Jack and Jess do not see them. Well, how would they? They are wrapped up in themselves, and everything else recedes into the night air. They are pressed together as Kelly and her friends watch. Samantha starts to speak: “Why, if…”

“Shh,” says Kelly. “Let's wait.”

And so they wait. They see Jack and Jess go through the entrance to the Roller-ghoster. They do not see what goes on inside, though they can perhaps imagine. Jack and Jess are in the dark, along with a few other people who mean nothing to them, and the screams are of laughter. It's not a frightening ride; it's not meant to be. Fronds of wet stuff brush their faces but they know it's only cloth recently soaked in water and they scream merely because it's cold and wet. Spider webs touch them, of course – how could you have ghosts without spider webs? But they know it's cheap frothy mesh from the market. Plastic skulls glow green and there's a cackling witchy laugh that anyone could do with a bit of practice.

They are sitting in a cart thing and it rattles and shakes their bones, but the track it runs on is hardly of terrifying height. It's all a bit of fun. Not worth the money but no one really cares. It's just one of the things you do, to enter into the spirit of it. And so, very soon, the ride has finished and the cart comes to a rest. One more wet cloth in the face, one more
woooooooo
and they are done.

It's the sort of thing that makes you hungry though. “Fancy a burger?” says Jess. And they walk towards the nearby burger van.

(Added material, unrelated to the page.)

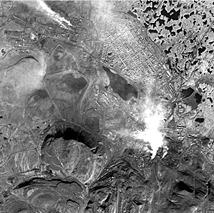 На черно-белом снимке EROS-A с разрешением 2 метра изображена часть одной из самых северных металлургических площадок мира, Норильского Промышленного Района с центром в городе Норильске. Город находится за Полярным кругом в Таймырском (Долгано-Ненецком) районе Красноярского края у подножия Норильских гор. Недалеко от гор протекает река Норильская, которая впадает в озеро Пясино. Непосредственно Норильск стоит на талике, то есть на замерзшем болоте глубиной 300 метров, подтверждая происхождение названия города и реки от эвенкийского слова «нарус» или юкагирского «ньорил», что означает «болота».

“Don't look round,” mutters Jack, as they approach.

She looks, of course. It's them: the Kelly Gang and three skinny lads. Jess's heart sinks and she draws close to Jack, pretending not to see them. It will be no use pretending and they probably know it.

They continue to walk towards the burger van. One customer is in front of them and they stand behind him. Kelly and the others are behind them, talking in silly loud voices.

“Hey, Jack,” says Kelly.

He ignores them, though Jess can see his jaw tightening. Jess and Jack catch each other's eyes and smile. They don't feel like smiling. It's a defence mechanism, making out they don't care, even though they do.

“Two burgers please,” he says.

“No problem, mate,” replies the burger-seller, stirring onions and flipping two burgers that are already sizzling.

“Ignoring me, are you, Jack? Quite right too. Need to keep a better eye on your girlfriend, I'd say. Heard she overdid it on the old booze the other night.”

Jess stiffens. Feels her heart racing. Still Jack does not turn round. If he did, he would see Kelly's eyes narrow to slits as she gets no reaction.

“Everyone's talking about it, Jack. Everyone.”

“Leave it,” whispers Jess, feeling tension in his arms, sensing him take a breath to speak.

“That'll be four-fifty. Help yourselves to ketchup.”

Jack hands the money over.

Jess takes her burger. Squirts some ketchup onto it. Puts the roll back together.

Jack begins to do the same.

“Actually,” says Kelly, “we've been a bit worried, haven't we, guys?” Mutterings of agreement from her friends, though they don't know what she's talking about. “You see, we heard – 'cos everyone's talking about it… Well,
we
heard that it was drugs. Shouldn't get into stuff like that, you know, Jessica. It can mess with your mind.”

Jess will never forget the look on Kelly's face as Jack spins round, ketchup bottle in hand, and a trail of the bright red sauce slices straight down her body, from cheek to thigh.

Kelly gasps, eyes blazing.

“Oh, how careless of me,” says Jack, coolly.

“DO something!” screams Kelly. “DO something!”

Samantha turns to the boys with them. The boys are smirking but they soon stop. “What are you waiting for?” she snarls at them. “Are you going to let him get away with that?”

“Run!” says Jack and he pulls Jess with him.

CHAPTER 25
SNAP DECISIONS

THE
three skinny lads should have dumped their so-called water bottles instantly. If it had only been water, perhaps they would have. But a few seconds of dithering give Jack and Jess a crucial head start.